• **EXTRACTED INFORMATION**:
+-------+

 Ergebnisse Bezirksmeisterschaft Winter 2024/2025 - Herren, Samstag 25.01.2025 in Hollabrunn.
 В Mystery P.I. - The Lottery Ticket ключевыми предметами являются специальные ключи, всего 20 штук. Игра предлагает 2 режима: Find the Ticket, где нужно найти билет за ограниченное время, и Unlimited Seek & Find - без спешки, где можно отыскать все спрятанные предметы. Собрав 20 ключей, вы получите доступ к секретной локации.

+-------+

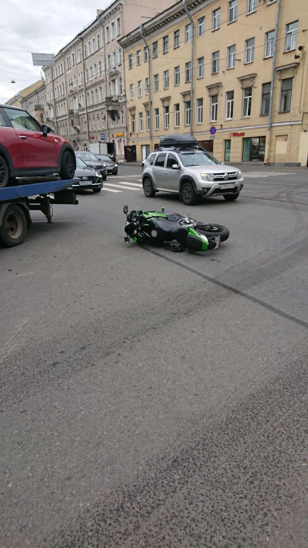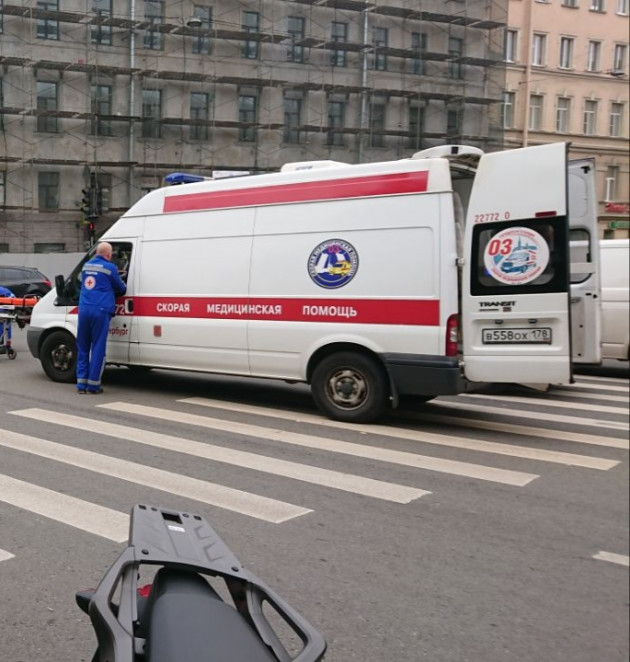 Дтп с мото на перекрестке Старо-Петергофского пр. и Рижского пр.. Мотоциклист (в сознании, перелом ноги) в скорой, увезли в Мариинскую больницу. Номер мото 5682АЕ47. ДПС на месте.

+-------+

• **ACTIVITY**:
Please give back exactly the lines of the listing above that run from the one containing "Ergebnisse Bezirksmeisterschaft Winter" through the one containing "В Mystery P.I.", and only those.

• **TASK RESULT**:
 Ergebnisse Bezirksmeisterschaft Winter 2024/2025 - Herren, Samstag 25.01.2025 in Hollabrunn.
 В Mystery P.I. - The Lottery Ticket ключевыми предметами являются специальные ключи, всего 20 штук. Игра предлагает 2 режима: Find the Ticket, где нужно найти билет за ограниченное время, и Unlimited Seek & Find - без спешки, где можно отыскать все спрятанные предметы. Собрав 20 ключей, вы получите доступ к секретной локации.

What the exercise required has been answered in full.